No one stands to benefit more than the company’s foremen. While hand-held tablets have been part of project-management for years, the forthcoming implementation of a new HTML5 portal—one that links back to the company’s ERP—will make it easier than ever for foremen to chart labor productivity, analyze cost reports and communicate with company management.

Pushing paper outJohn Astfalk – Limbach Company Toggle Magazine

According to Astfalk, having the right data at one’s fingertips is paramount. But so too is making sure that employees throughout Limbach can easily share that information.

Take the company’s new electronic timecards, used by all hourly employees. Now, instead of submitting a paper slip once a week, workers enter their hours directly into the company’s web interface using a secure signature-catcher—an upgrade that’s significantly reduced the accounting department’s workload.

Having been part of the team that helped transition the company to a “Google shop” in 2009, Astfalk cites the tech giant’s platform as an integral piece of Limbach’s IT transformation. Now as then, he relies on the team at Dito, a Google Cloud service partner and cloud consultancy, to ensure that Limbach is optimizing its use of Google Cloud technologies.

“What’s great about being a Google shop is having access to great collaborative tools that are easy to use and great at capturing data,” Astfalk says. “There’s a reason we’ve been working with Dito the past few years. While we used another partner for the initial implementation years ago, we’ve since worked with Dito to be our reseller and service provider for Google Cloud technologies—to provide guidance, best practices and ongoing support. They’ve been a very important partner for us.”

True team effort

Partner. It’s a word Astfalk used often when he spoke with Toggle in early April—particularly when discussing Limbach’s looming data migration.

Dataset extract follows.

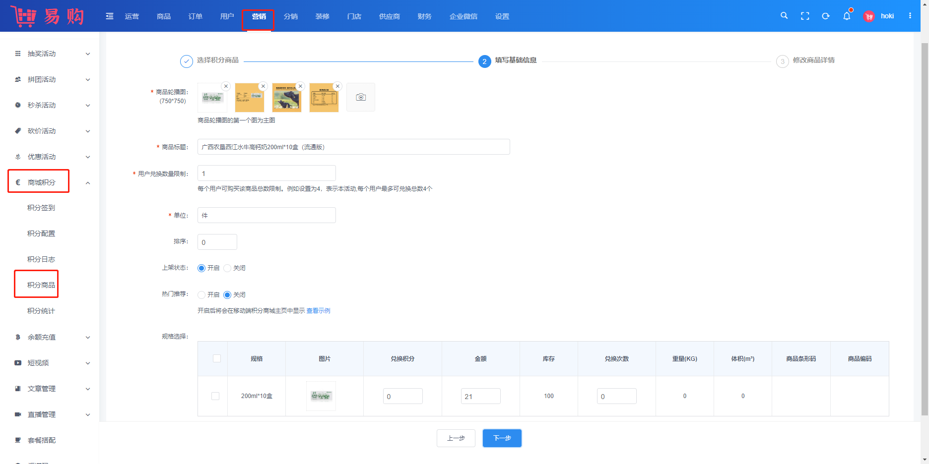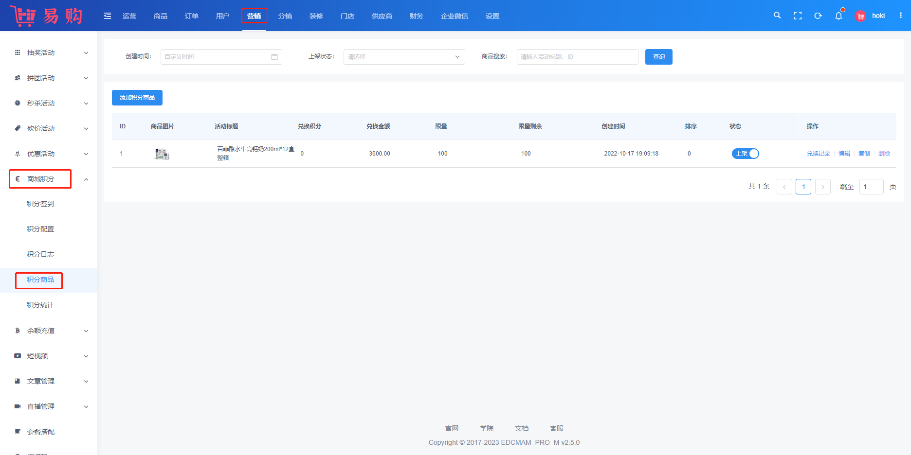 #积分商城 ###一、功能介绍 积分可用来兑换商品,助力提高客户粘性与活跃度 ###二、操作流程 营销 > 积分 > 积分商品/积分订单  ###三、功能说明 用户端 ```sjon 积分商城的商品,可使用积分兑换 商品兑换下单后,默认无运费 可设置每个用户兑换商品的上限 ```  添加积分商品 ```sjon 选择普通商品 设置积分商品信息 详情默认读取普通商品,也可单独修改 ```

Slated for a summer completion, the project, overseen by Business Information Group, will create unprecedented data redundancy, giving the company a reliable backup in case of sudden outages, cybersecurity breaches or other maladies.

The aim, Astfalk says, is to create a department that’s seen as a partner to every branch of the business—and build a team that shares in that vision.

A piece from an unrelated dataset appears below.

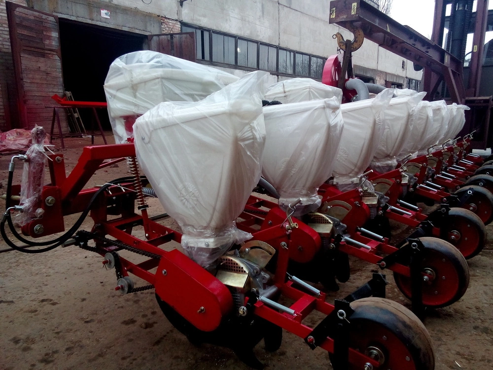 Сеялки СУ-8, предназначені для пунктирного посева калиброванных и некалиброванных отсортированных семян кукурузы, подсолнечника и прочих культур с одновременным внесением минеральных удобрений и прикатыванием почвы в рядках. В сеялке СУ-8 создание разрежения обеспечивается вентилятором ВР-1, установленным на сеялку, приводи мого от ВОМ трактора.Несущий брус рамы сеялки является ресивером ее пневмосистемы. Сеялка СУ-8 агрегатируется с тракторами тяговым усилием от 0,9 до 2 т. Сеялка комплектуется пластиковыми зерновыми и туковыми бункерами.

John Astfalk – Limbach Company Toggle Magazine

Looking ahead, Astfalk sees ample opportunity to make good on that goal. Whether it’s leveraging drone technology to improve facility management or using artificial intelligence to eliminate traditionally redundant processes like data entry and accounting, Astfalk’s radar screen is teeming with potential blips.

Even if the biggest one of all will always be front and center.

“Even when your department works in the corporate office, as ours does, there’s this perception that IT is just one big mass of overhead,” Astfalk says. “To me, a successful day is when we’re able to provide real value to the business, to have a tangible impact on the bottom line. And we feel like that’s becoming the norm.”